Note that at the Simulate tab I need to select the "execute" mode instead of "simulate" (otherwise I would not receive any emails):

Unfortunately, I'm not able to reproduce this locally (probably because of the lack of an email server), so I'm not able to check if your proposed solution, @tsullivan, (setting maxRetries to 1) resolves the problem.
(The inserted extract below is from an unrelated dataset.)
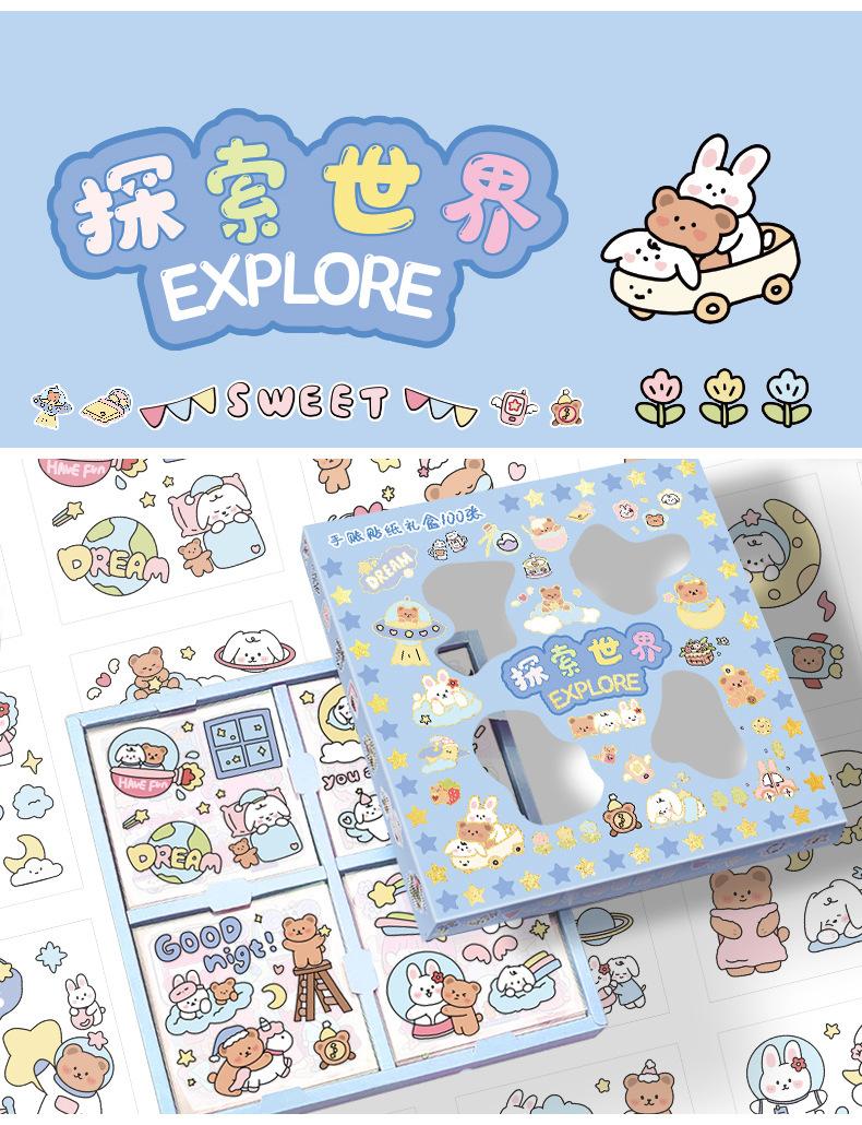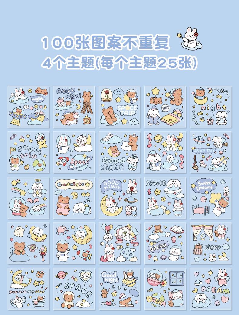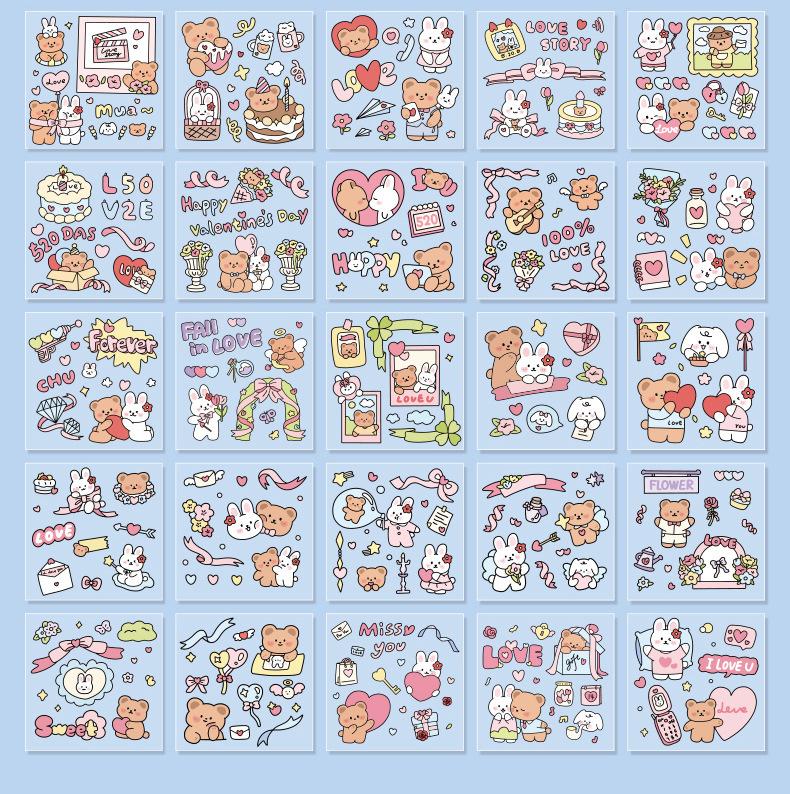 100 piezas de pegatinas de diario traje PET transparente dibujos animados impermeable sin costuras Pegatinas de diario corazón de niña pegatinas decorativas diy

However, I noticed that when I simulate the watch in a locally running Kibana, I see the following error in the logs:

Error: JSON argument must contain a watchStatusJson property
    at buildServerWatchStatusModel (watch_status_model.ts:36:21)
    at new WatchHistoryItem (watch_history_item.js:27:51)
    at Function.fromUpstreamJson (watch_history_item.js:84:12)
    at register_execute_route.ts:65:51
    at runMicrotasks (<anonymous>)
    at processTicksAndRejections (node:internal/process/task_queues:96:5)
    at Router.handle (router.ts:207:30)
    at handler (router.ts:162:13)
    at exports.Manager.execute (/Users/elenastoeva/elastic/kibana/node_modules/@hapi/hapi/lib/toolkit.js:60:28)
    at Object.internals.handler (/Users/elenastoeva/elastic/kibana/node_modules/@hapi/hapi/lib/handler.js:46:20)
    at exports.execute (/Users/elenastoeva/elastic/kibana/node_modules/@hapi/hapi/lib/handler.js:31:20)
    at Request._lifecycle (/Users/elenastoeva/elastic/kibana/node_modules/@hapi/hapi/lib/request.js:371:32)
    at Request._execute (/Users/elenastoeva/elastic/kibana/node_modules/@hapi/hapi/lib/request.js:281:9)

I'm not sure if this error is related to the report storm, I will investigate it further.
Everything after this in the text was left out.